Encourage whistle-blowing: how universities can help to resolve research’s mental-health crisis Institutions can improve working environments by looking at best practice elsewhere
Low pay, job insecurity, bullying and harassment all contribute to academic researchers reporting above-average levels of anxiety and depression
Researchers working in academia are more likely to experience anxiety and depression than are members of the population at large, as we report in a Feature investigating the mental-health crisis in science. The COVID-19 pandemic has taken its toll on researchers, as it has on many in wider society, but it is clear that a major factor common in academia is a toxic work environment.
A proliferation of short-term contracts, low salaries (particularly for early-career researchers), competitive working environments and pressure to publish are all contributors — but so are bullying, discrimination and harassment. Study after study has reported on the devastating effects that these behaviours can have, especially on under-represented groups such as women, people of colour, low-income students and members of sexual and gender minorities.
Regrettably, the finding that bullying and harassment are widespread in academia is not new, as reporting by Nature and other journals show. But few academic leaders seem to be doing much to solve the problem. That’s not to say they aren’t listening — many, perhaps even most, are. A considerable number are trying to implement policies to improve campus well-being. But these efforts are not yielding positive results.
To do better, university administrations and governing bodies need to look beyond the campus for solutions — in particular, to industry. Ultimately, internal structures need to change to reflect how science is performed today. And modern systems of employee redress for when things go wrong — such as those that encourage whistle-blowing — need to be implemented.
At the root of the problem is the mismatch between the idea of a university as a refuge for lone geniuses and the collaborative nature of contemporary science. As Athene Donald, a physicist at the University of Cambridge, UK, reminds us in her book Not Just for the Boys: Why We Need More Women In Science, published earlier this month, much science today is a team effort. It frequently involves large numbers of researchers collaborating within and across laboratories, and often across countries and cultures. What matters is that teams work together, complementing each other’s strengths and compensating for one another’s weaknesses, always with an eye on completing the task at hand. Good science matters more than hierarchies. Donald also reminds us that studies show that discovery and innovation benefit when teams include people from historically under-represented groups, but that these contributions are all too frequently ignored or undermined (B. Hofstra et al. Proc. Natl Acad. Sci. USA 117, 9284–9291; 2020).
Yet the research system still tends to put power in the hands of just one person, or a few people. When grants are awarded, the responsibility for them is generally given to principal investigators, not shared more widely among members of a research team. That often means that large numbers of early-career researchers — 50 or more in some fields — are under the supervision of a single principal investigator. In the same way, departments and faculties have a single person at the top. And in general, this ‘officer class’ comprises people from less-diverse backgrounds than those they are supervising.
It doesn’t have to be this way. When power, responsibility and autonomy are shared, people work more collegially, and step up when required. But if power is vested in one person, or only a few people, it can be misused to harass, undermine and bully others. All too often, this is what happens.

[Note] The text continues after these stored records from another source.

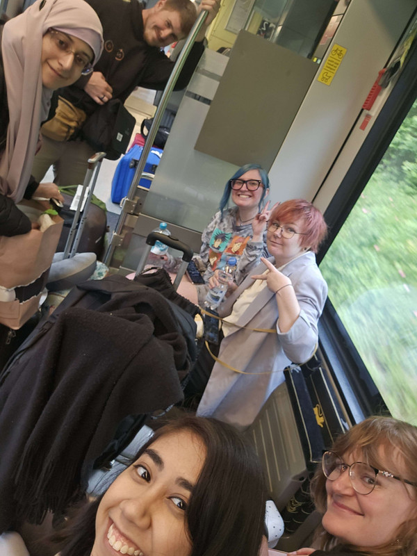 friday: WEDDING DAY!!!! we left on our first train at around 10am, though that was a 20 minute delay so great start lol. there were some guys in our reserved seats on our first train and they were PISSED when we told them they had to move. lmfao. but anyways the first train was so smooth BUT OUR TRANSFER. WAS A WHOLE THING. so because our train was delayed, our connection transfer time went from 15-ish minutes to THREE. THREE SINGULAR MINUTES. so we found out dicey/dina/sapphy were on the same connecting train as us and they were like RUN. BOOK IT. GO GO GO GO. and somehow miraculously not only did we MAKE IT but they managed to get the conductor to HOLD THE TRAIN FOR US FOR A MINUTE? like legit we got on doors closed lmfao. it was wild. but we made it!!! and off to the venue we went: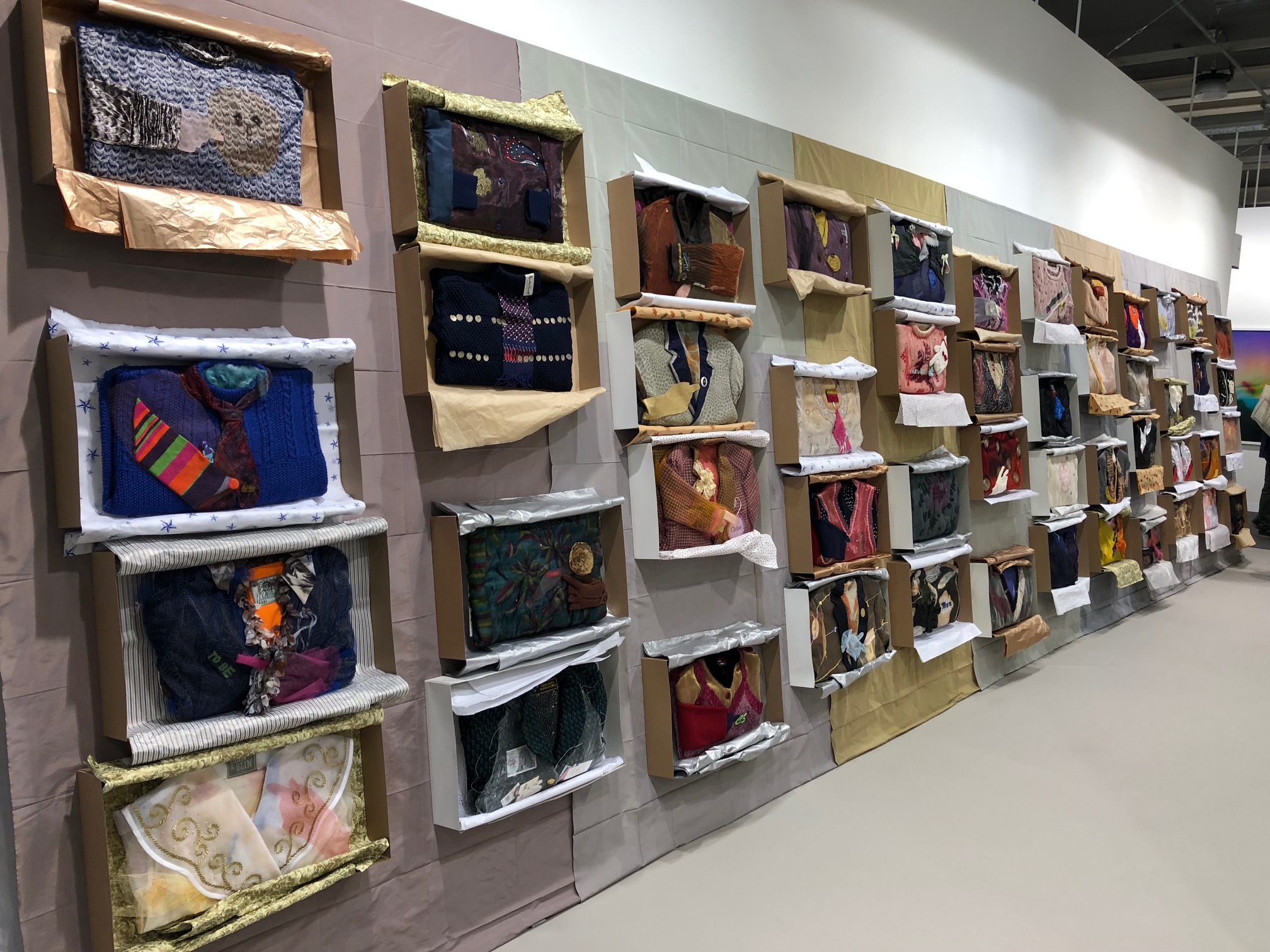 Liz Magor „Being This” zapełniła natomiast całą ok 10 metrową ścianę pudełkami, w których umieściła złożone i gotowe do kupienia / sprzedaży ubrania z second handów. Każdy egzemplarz miał tak zagięty mankiet rękawa lub w ten sposób dołożoną rękawiczkę, aby wskazywał bezpośrednio na metkę z nazwą firmy, nierzadko bardzo znaną, jak Chloe, czy Miu Miu. „Being This” obiecuje tytuł pracy. Będziesz tym co założysz i skonsumujesz. Kim chciałbyś dziś się stać? Wybierając produkt zakładasz maskę, która zakryje twoje prawdziwe ja i będziesz nadal bezpieczny. Kup sobie bezpieczeństwo, wygodę. Nie ważne jest samo ubranie, praca. To co się liczy to metka i to kim ona Cię uczyni.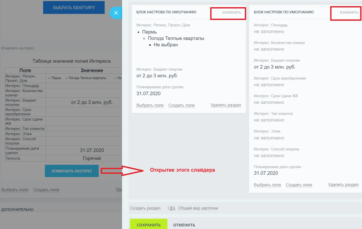 Таблица в карточке сделки и слайдер для заполнения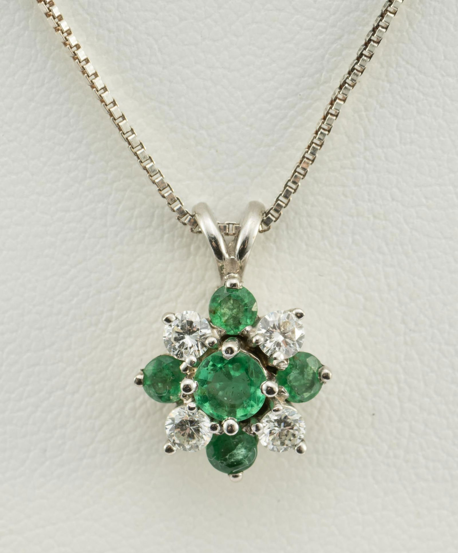 14k White Gold Emerald Diamond Flower Pendant Adjustable NecklaceMynt Auctions4.4(835)$1005 days Left

This is why universities are structurally ill-equipped to provide redress against poor behaviour. Although universities do have both grievance and whistle-blowing procedures (which protect people from being penalized or dismissed if they disclose wrongdoing), they often discourage anonymization for those drawing attention to inappropriate behaviours or actions. Some argue that it makes complaints more difficult to investigate. This is often true, but anonymous whistle-blowing provides a fairer way to obtain justice in an environment in which the person perpetrating harm is often also the person ultimately responsible for an individual’s career prospects.
Universities need to take a good look at this matter and study how internal organizational structures could be reformed to better reflect how research is done today. A good first step would be to look to industry, because we know that researchers working in industry report higher job satisfaction than do their academic peers. At the same time, academic governing bodies should revisit mechanisms for whistle-blowing, including studying how this is done in businesses, in the public sector and in non-profit organizations, and evaluating the strengths and weaknesses of the approaches used in each.
Universities in many countries have extensive connections to industry, through industry–academia collaborations, through knowledge-exchange offices and through the direct involvement of business people, who serve as professors and as members of governing boards. These relationships could all be leveraged to study ways to bring about positive change in academia.
The need to achieve positive change cannot be overstated. Doing nothing is not an option. If the next generation of researchers is as dissatisfied as our Feature suggests, then no less than the future of research and scholarship is at stake.